**Records excerpted from a collection**

# # # # #

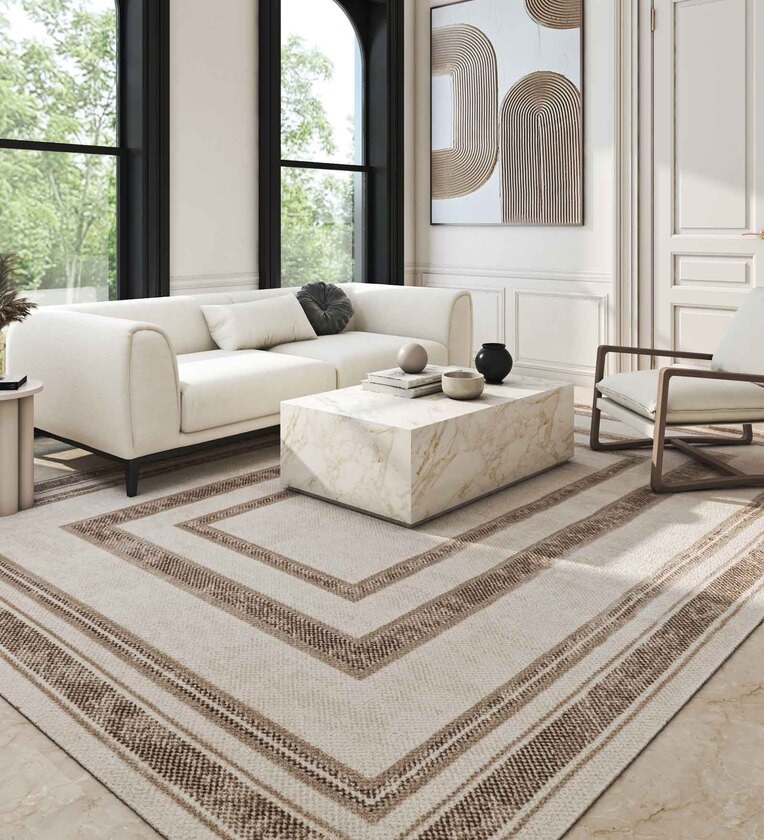 The Camel Light beige rug adds a warm and elegant touch to your home. Its simple border design in camel and light beige creates a classic look. This machine-made rug for living room is durable and soft and made in Turkey with 75% polypropylene and 25% polyester. The 5mm low pile height feels smooth underfoot and is easy to clean. Measuring 160x230 cm (5x7.6 feet), it works well in living rooms, bedrooms, or offices. Just vacuum regularly and spot clean to keep it looking fresh.
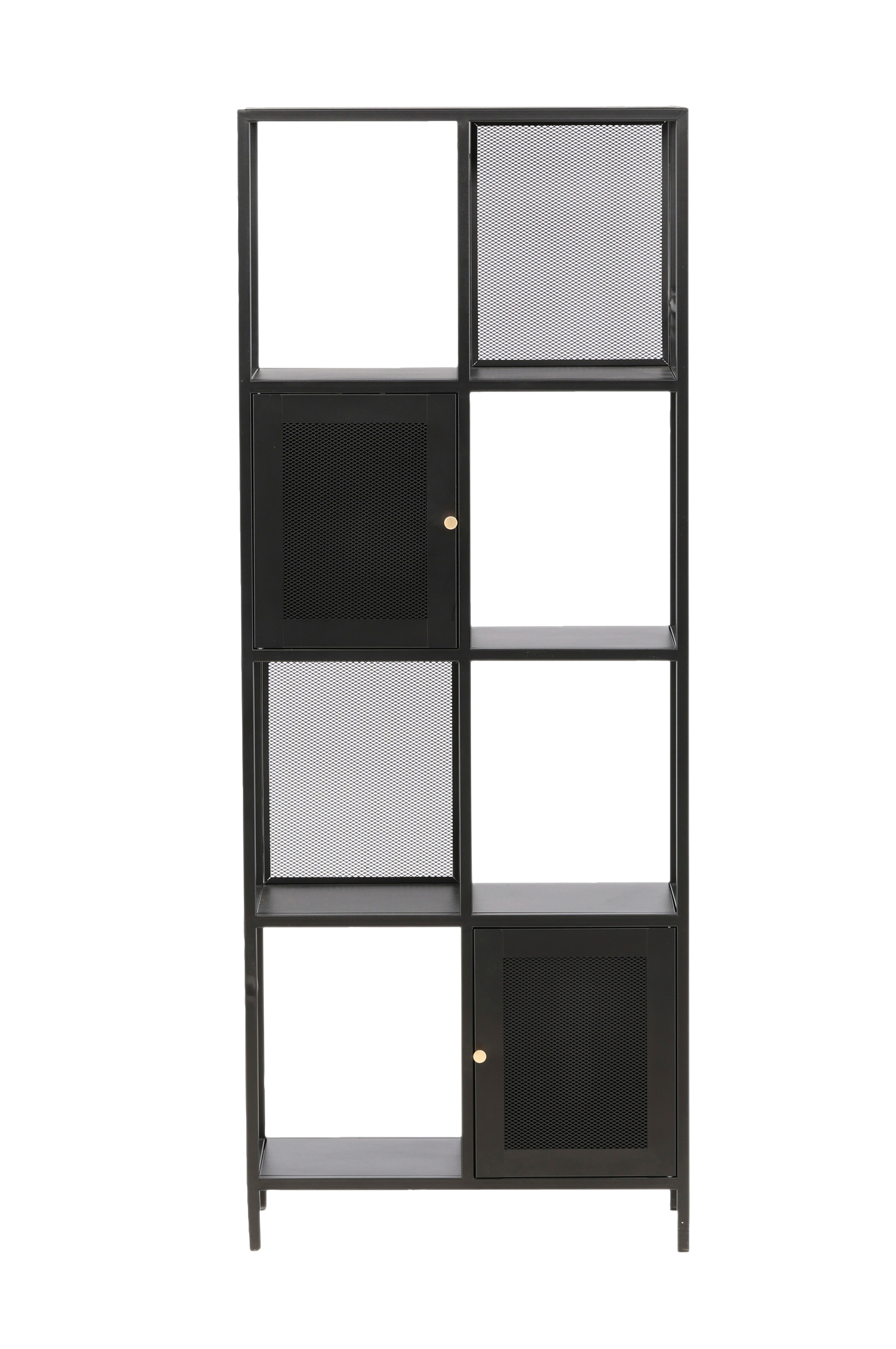 Möblera hemmet smart och snyggt med en hylla från serien Nett i läcker industriell design! Den här hyllan är tillverkad i svart stål med nätluckor som blir en smakfull detalj för ögat. Hyllan har fyra hyllplan med två luckor som skapar plats för semi-dold förvaring. Hyllan ger ett robust intryck och passar utmärkt för avlastning - pryd med dekorationer och skapa ett blickfång som imponerar! De smala, höga benen som lyfter upp skåpet skapar en luftig känsla och underlättar även för dammsugaren. Njut av en smart möbel!
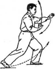 合腰部的轻轻旋转。撑掌时,上体保持正直,头向上顶,全身要 松沉。
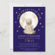 Blast off to a cosmic celebration with this charming astronaut-themed invitation! Featuring a sweet watercolor illustration of a young astronaut gazing at the moon, surrounded by twinkling stars, this design is perfect for a second birthday party. The deep navy blue background evokes the wonder of outer space, making it an out-of-this-world choice for your little one's special day. Customize with your party details to invite guests on an unforgettable journey to celebrate two years of adventure.
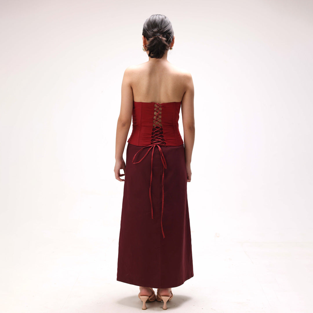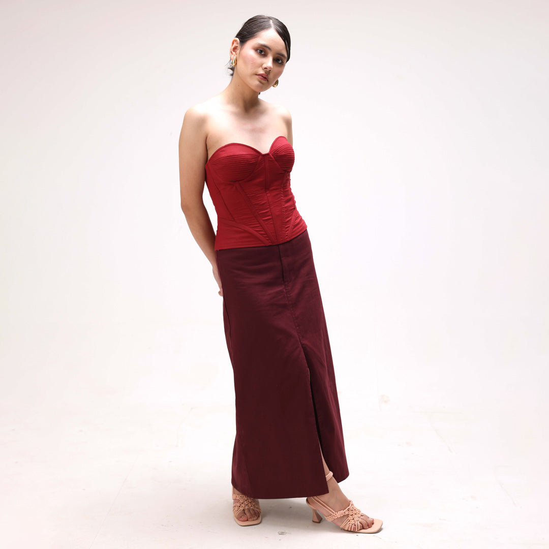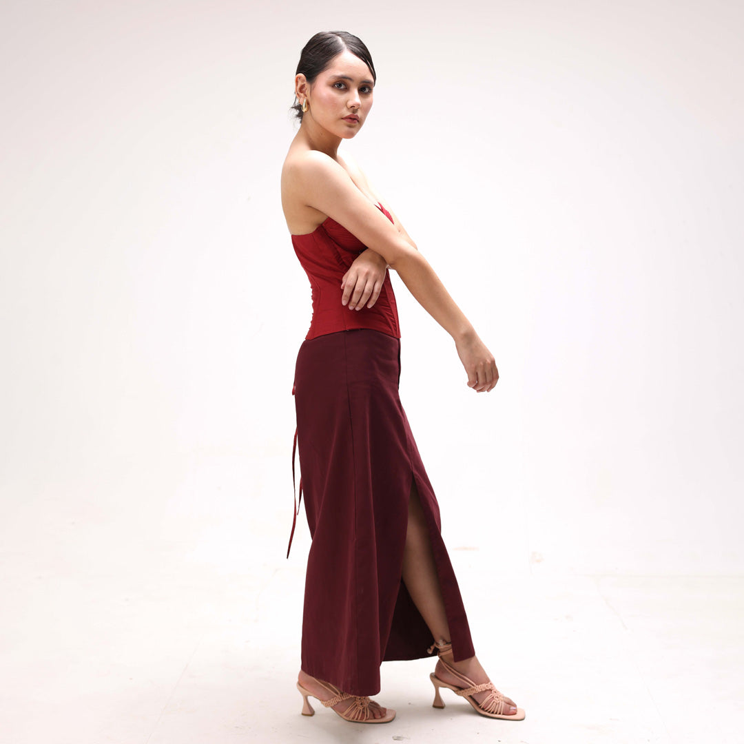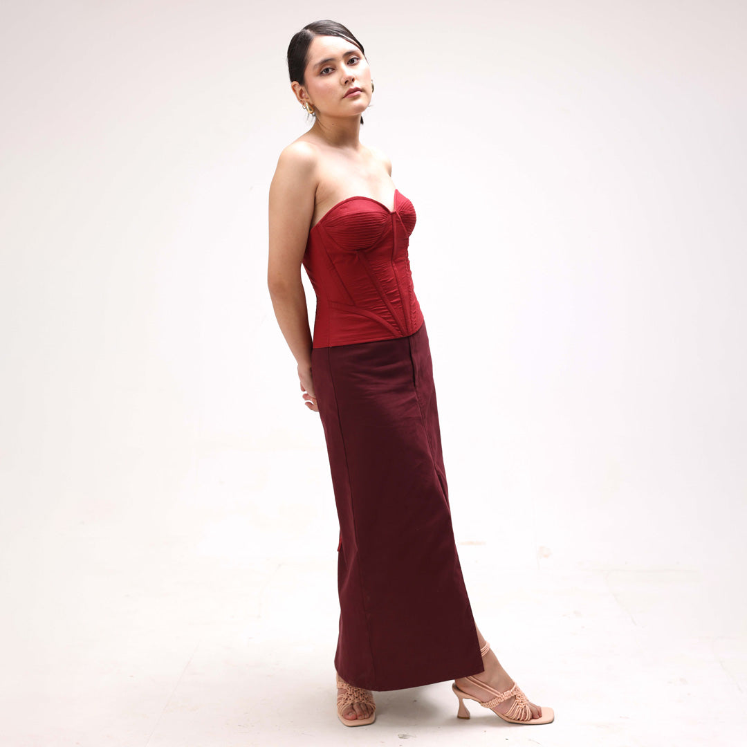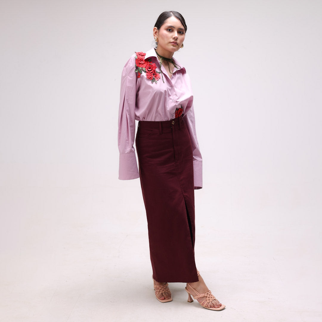 Garden Delight: Red-Green Floral Printed Cotton Skirt for Stylish Flair
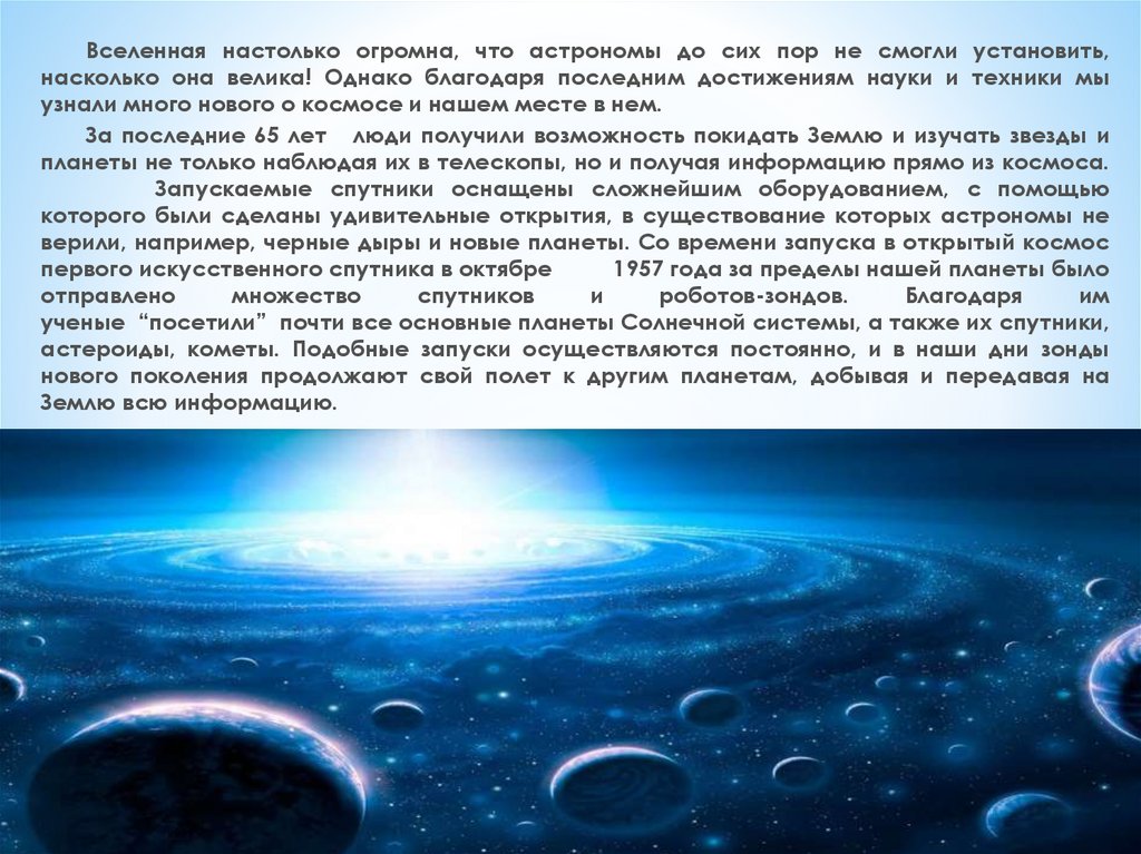 Вселенная настолько огромна, что астрономы до сих пор не смогли установить,насколько она велика! Однако благодаря последним достижениям науки и техники мы
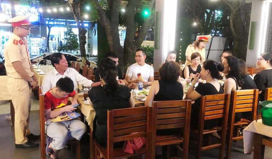Lực lượng CSGT Đà Nẵng đến tận bàn nhậu để tuyên truyền cho người dân về Nghị định 100. |
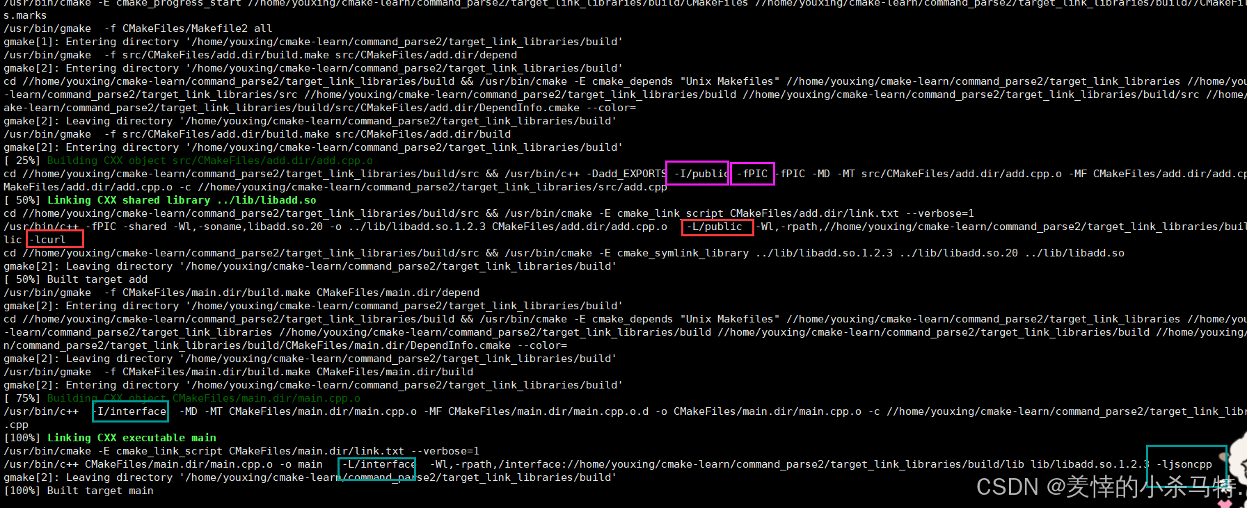 PUBLIC、PRIVATE、INTERFACE关键字(这里要知道PUBLIC=PRIVATE+INTERFACE根据它三设置目标对应的INCLUDE_DIRECTORIES与INTERFACE_INCLUDE_DIRECTORIES的属性变量值),可以将头文件路径自动传递给 链接该目标的其他目标,避免了手动管理全局路径的混乱。 -
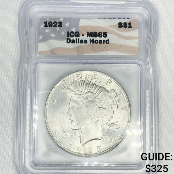 1923 Dallas Hoard Silver Peace Dollar ICG-MS65
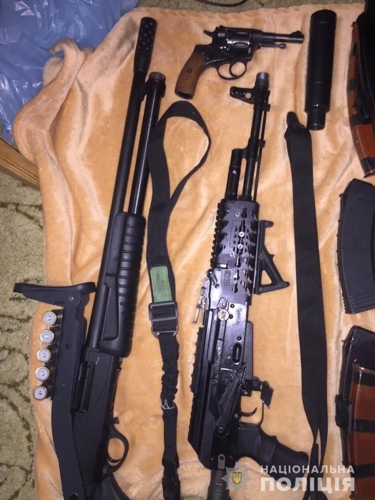 В ходе обысков были изъяты автомат Калашникова АКС-74, более 1100 патронов к нему, травматический пистолет, помповое ружье с патронами, кастет, а также другие предметы.
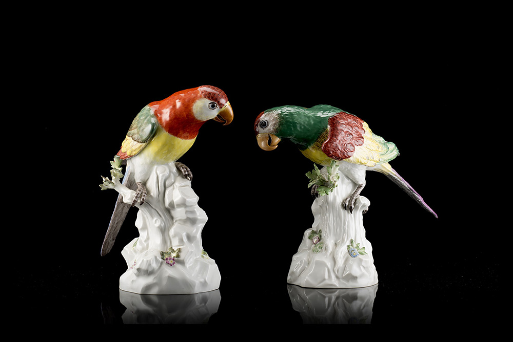 Manifattura di Meissen "Pappagalli" coppia di statuette in porcellana...

# # # # #

**Exercise goal**
Exactly the lines above from the one that contains "合腰部的轻轻旋转。撑掌时,上体保持正直,头向上顶,全身要 松沉。" down to the one that contains "Blast off to" are to be output, both ends kept and pictures omitted.

**The completed task**
 合腰部的轻轻旋转。撑掌时,上体保持正直,头向上顶,全身要 松沉。
 Blast off to a cosmic celebration with this charming astronaut-themed invitation! Featuring a sweet watercolor illustration of a young astronaut gazing at the moon, surrounded by twinkling stars, this design is perfect for a second birthday party. The deep navy blue background evokes the wonder of outer space, making it an out-of-this-world choice for your little one's special day. Customize with your party details to invite guests on an unforgettable journey to celebrate two years of adventure.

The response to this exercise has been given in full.